US quantitative investing pioneer Dimensional Fund Advisors has listed two of its systematic active exchange traded funds (ETFs) in London.
The Dimensional Global Core Equity and Global Targeted Value Ucits ETFs will have sterling and dollar share classes on the London Stock Exchange and euro shares listed on Xetra.
Dimensional, which has amassed $226bn its 40-plus ETF range, says its active ETFs are not managed in reference to a benchmark, but are designed to long-term outperformance. They use evidence-backed factors to predict which stocks will do well rather than traditional human stock pickers.

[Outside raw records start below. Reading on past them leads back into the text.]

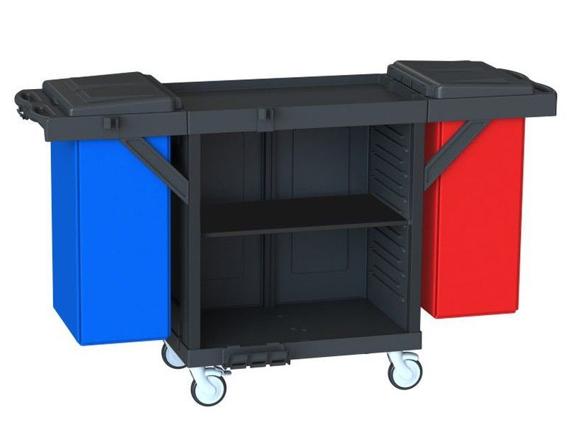 Carro para contenedores de residuos con baldas y dos compartimentos laterales en azul y rojo, ideal para jardines, terrazas o espacios de trabajo. Fabricado en plástico resistente, cuenta con ruedas para fácil movilidad y estantería central para organizar herramientas o productos. Solución práctica y ordenada para el manejo de residuos en el hogar
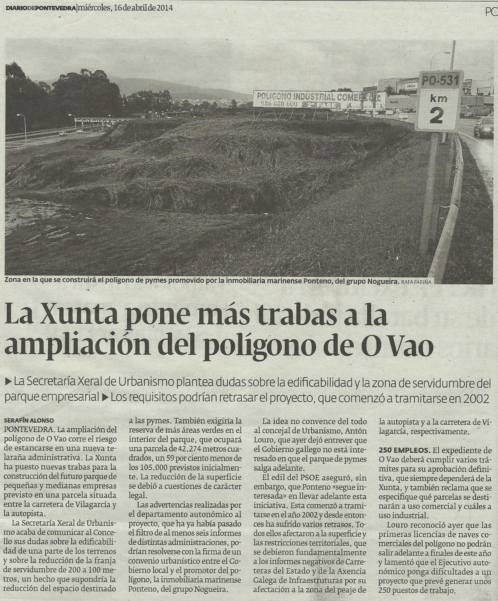 Diario: La Xunta pone más trabas a la ampliación del polígono de O Vao
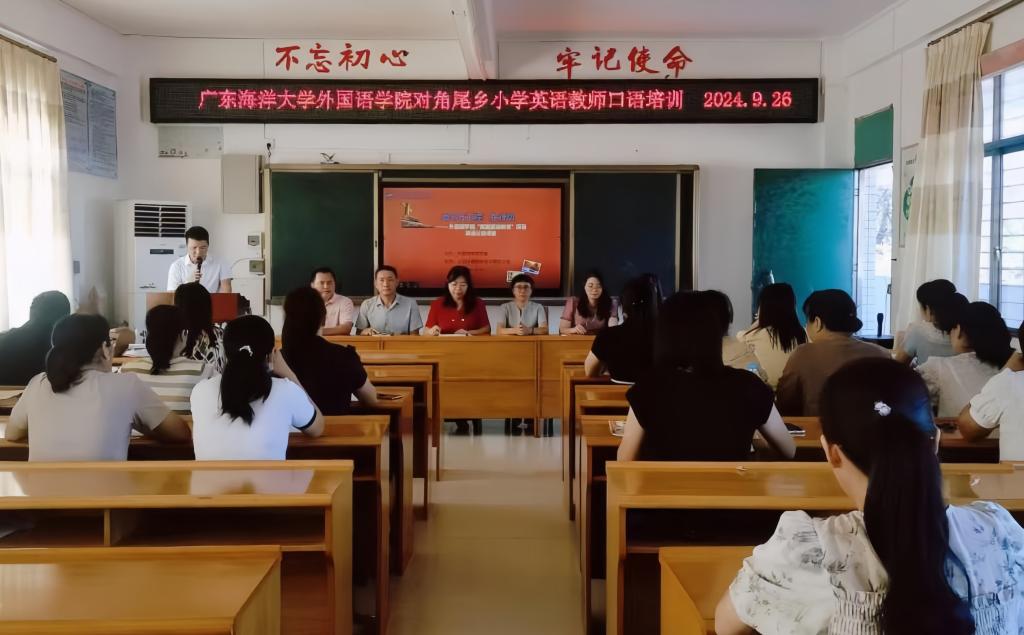 为全面提升徐闻县角尾乡小学英语教师教研能力,充分发挥名校、名师的示范引领作用,加强对帮扶学校的交流和指导,推动教育均衡发展,促进优势互补、资源共享,切实提高当地英语教师教学水平,9月26日,外国语学院党委指派公共外语教学研究部党支部书记、公共外语教学研究部主任陈松和骨干教师黎晖赴徐闻县角尾乡中心小学为基层一线的英语教师开展融“素养+技能+创新”三位一体的立体式英语教师口语培训第一课。徐闻县教育发展中心主任董晓芳和袁小霞老师,角尾中心小学书记黄奋才、校长翁妃文、副校长陈朝柏、学校教导处正副主任以及全乡17位英语教师参加了此次培训活动。
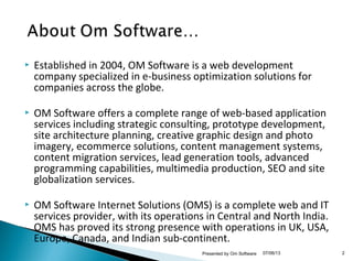 OM Software is a web development company established in 2004 that specializes in e-business optimization solutions. It offers a range of web-based application services including strategic consulting, design, development, and content management. With over 100 employees globally, OM Software has operations in Central and North India as well as the UK, USA, Europe, Canada, and other parts of the Indian subcontinent. The company provides solutions such as custom web portals, mobile applications, and enterprise content management to help clients optimize their online presence and business processes.
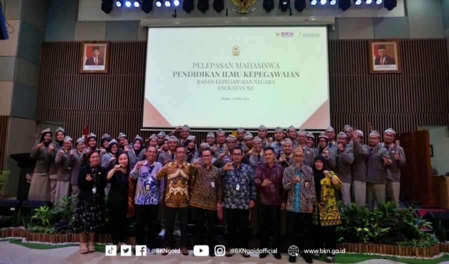 Bogor – Humas BKN, Sebanyak 30 mahasiswa yang merupakan Pegawai Negeri Sipil (PNS) dari Kementerian/Lembaga/Daerah (K/L/D) resmi dinyatakan lulus dari Pendidikan Ilmu Kepegawaian (PIK) Badan Kepegawaian Negara (BKN) Program Studi Strata Satu (S.1) Ilmu Administrasi Negara Bidang Minat Administrasi dan Manajemen Kepegawaian. Hal itu disampaikan Kepala Pusat Pengembangan Kepegawaian Aparatur Sipil Negara (ASN) BKN, Satya Pratama saat Acara Pelepasan Mahasiswa PIK BKN Angkatan XII di Kantor Pusat Pengembangan Kepegawaian ASN BKN, Kamis (27/7/2023).
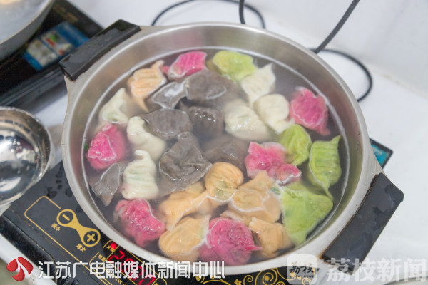 五彩饺子,顾名思义,就是五种颜色的饺子。孙阿姨包的饺子有白、绿、黑、红、黄五种颜色,分别对应了金、木、水、火、土五行。“人也有五行,我希望楼栋的孩子们吃了我做的饺子,都能健健康康、远离疾病。”孙爱华爽朗地笑着。“而且饺子的颜色都是纯天然的,像绿色就是芹菜汁,黑色是芝麻糊,红色是火龙果汁,黄色是胡萝卜汁,营养又好看,同学们肯定爱吃!”
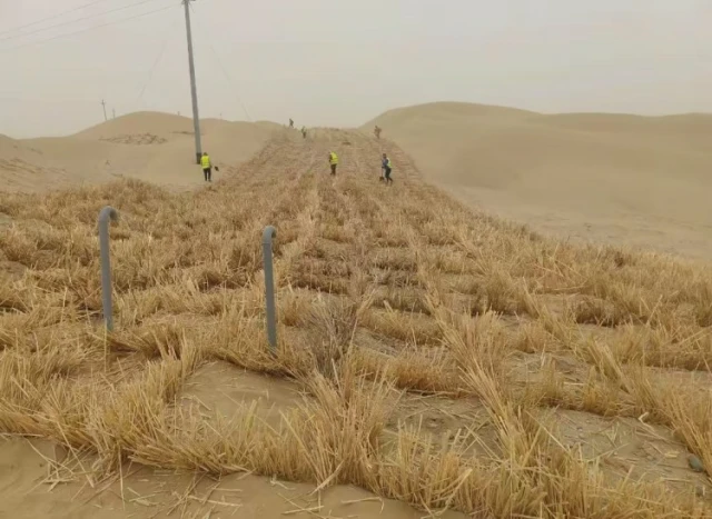 此次麦草方格防风固沙活动,是当地推进生态修复工程的重要举措之一麦草方格技术因其成本低、效果好、材料易获取等特点,成为沙漠治理的重要手段,在多个沙漠治理项目中发挥了显著作用。

As such, both funds list comparator indices, with the core equity fund (sterling ticker DPGC) running against the MSCI World index and charging a total of 0.26% a year.
The global value fund (sterling ticker DPGT) is seeking to best the MSCI World SMID Value index on an ongoing annual charge of 0.44%.

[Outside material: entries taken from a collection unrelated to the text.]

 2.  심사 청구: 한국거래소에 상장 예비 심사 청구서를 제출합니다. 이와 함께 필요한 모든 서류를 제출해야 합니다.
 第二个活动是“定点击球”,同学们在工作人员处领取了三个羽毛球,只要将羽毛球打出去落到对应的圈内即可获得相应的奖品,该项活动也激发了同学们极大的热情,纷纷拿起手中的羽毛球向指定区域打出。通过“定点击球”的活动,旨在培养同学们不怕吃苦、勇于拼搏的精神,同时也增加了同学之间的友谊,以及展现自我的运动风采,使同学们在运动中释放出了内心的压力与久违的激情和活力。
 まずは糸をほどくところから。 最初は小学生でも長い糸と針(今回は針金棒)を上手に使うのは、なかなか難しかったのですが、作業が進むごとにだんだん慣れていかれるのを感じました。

The core equity fund has exposure to 4,568 stocks with Nvidia, the $5tn AI chip maker, its biggest holding at 3.9%. Its top 10 also includes US technology giants Apple, Microsoft, Amazon, Meta and Alphabet alongside drug company Eli Lilly and Berkshire Hathaway, Warren Buffett’s holding company that last week disclosed a $4.3bn position in Google-owner Alphabet.

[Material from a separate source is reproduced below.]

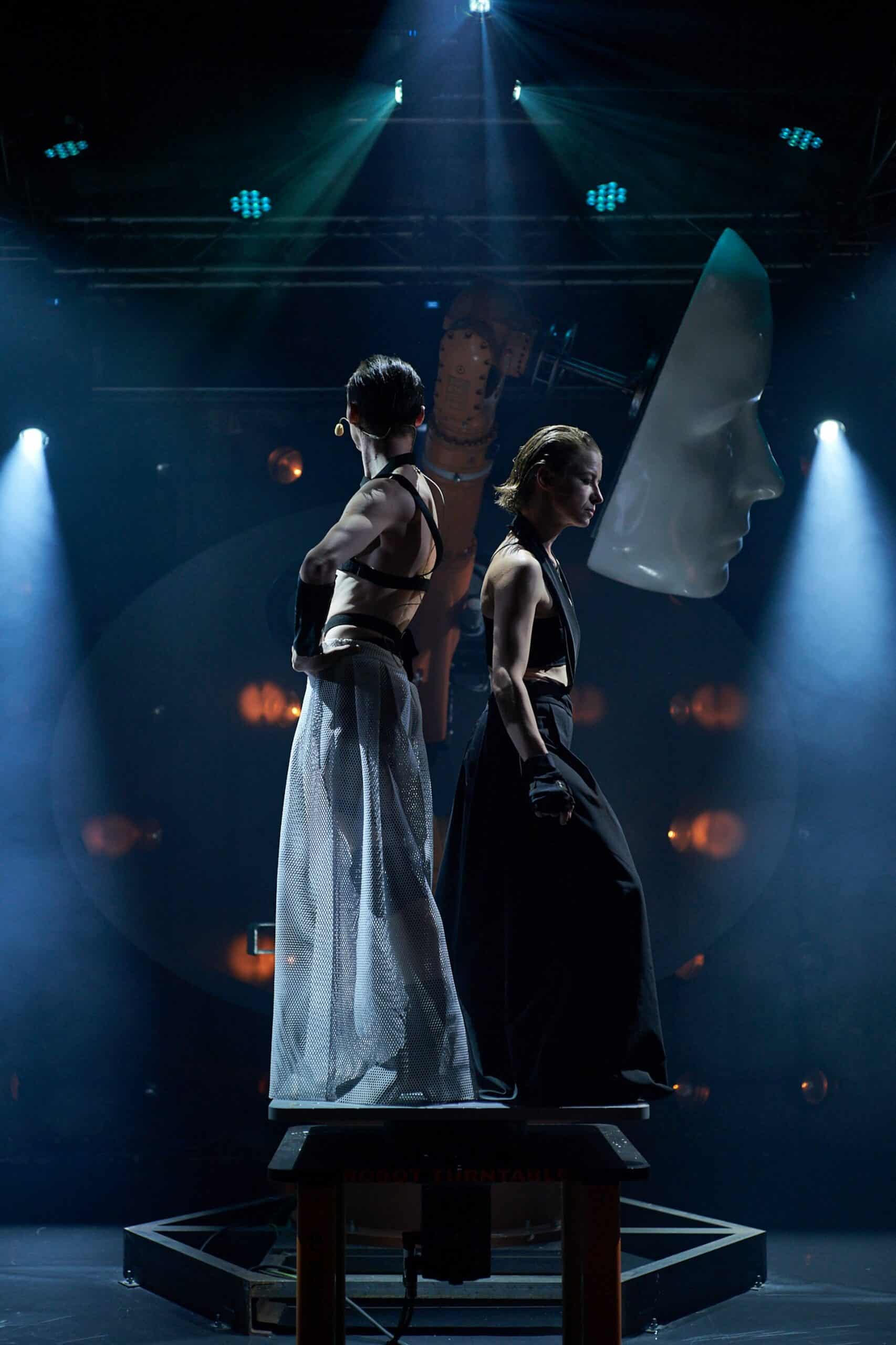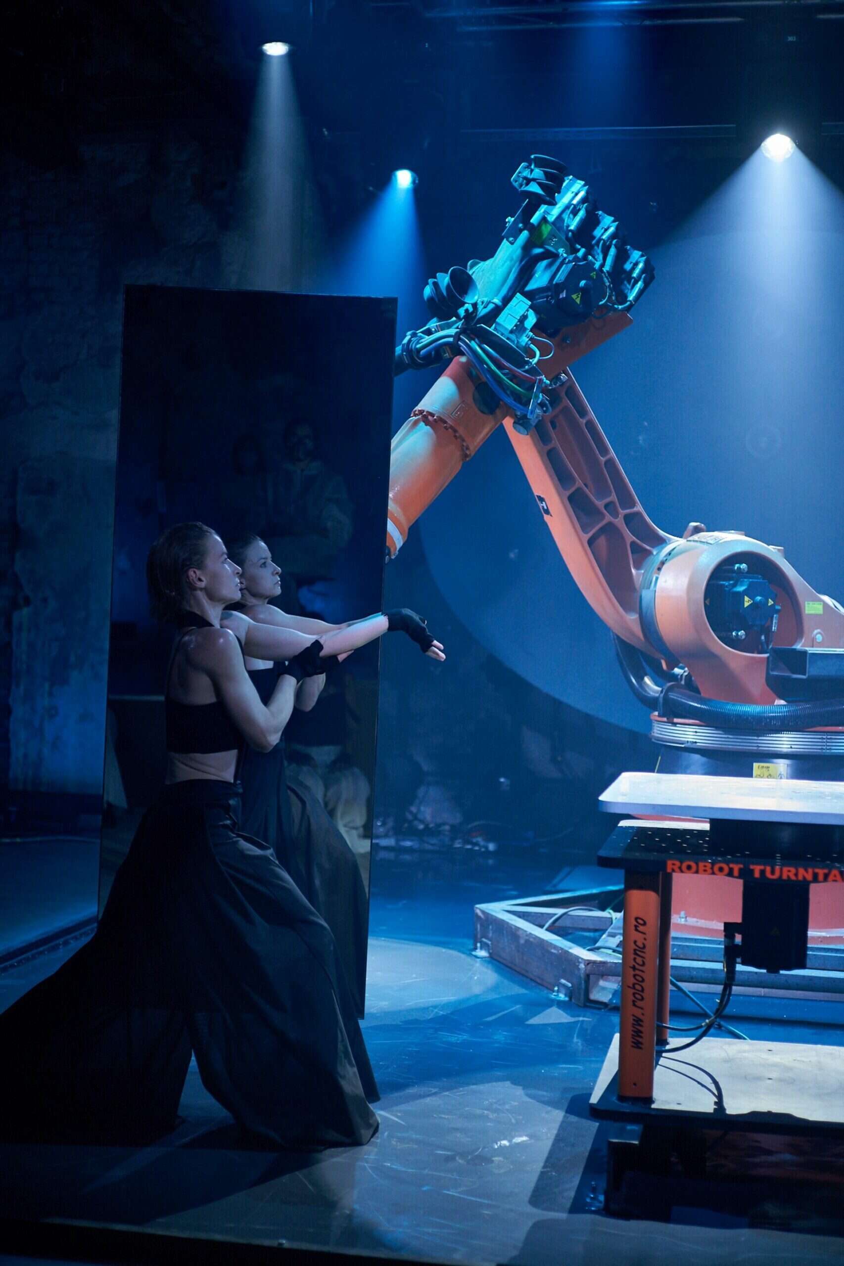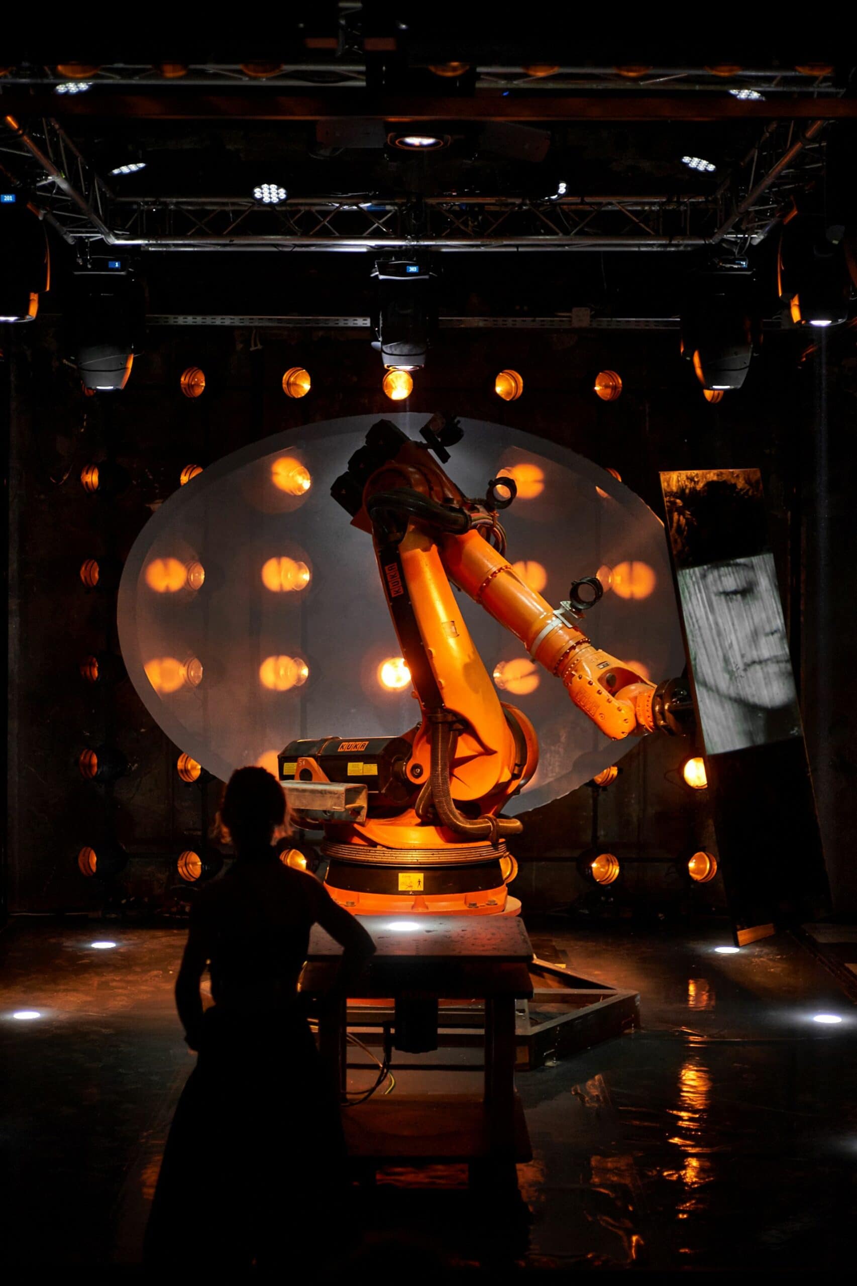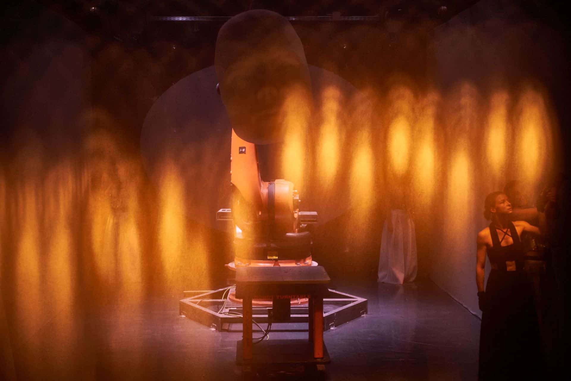 The robot we were checking out in this play was apparently formerly used in the BMW Regensburg plant for several years. Now, it became a dancer on stage and I was completely taken aback by how graceful it could be. For the play, a few different faces were prepared to attach to its extremities and the robot played three parts in the installation, moving graciously alongside the talented ballerina who made 1.5 ton mechanical arm look alive through her movements.

The global value fund is also highly diversified with 2,261 holdings led by Hartford Insurance Group at 0.6%, followed by similarly sized positions in Delta Airlines, Occidental Petroleum, gas producer EQT Corp and GE Healthcare Technology. The top holdings are all US companies.
Further active ETF listings are in the pipeline, says Dimensional, which was founded in 1981 on the efficient market hypothesis of Nobel-prize winning economist Professsor Eugene Fama, who sits on its investment committee.
Nathan Lacaze, co-CEO, Dimensional Fund Advisors, said: “These first two European listings provide a new opportunity for investors to experience Dimensional investing, with its Nobel Prize-winning insights and decades of expertise working to outperform benchmarks and peers.”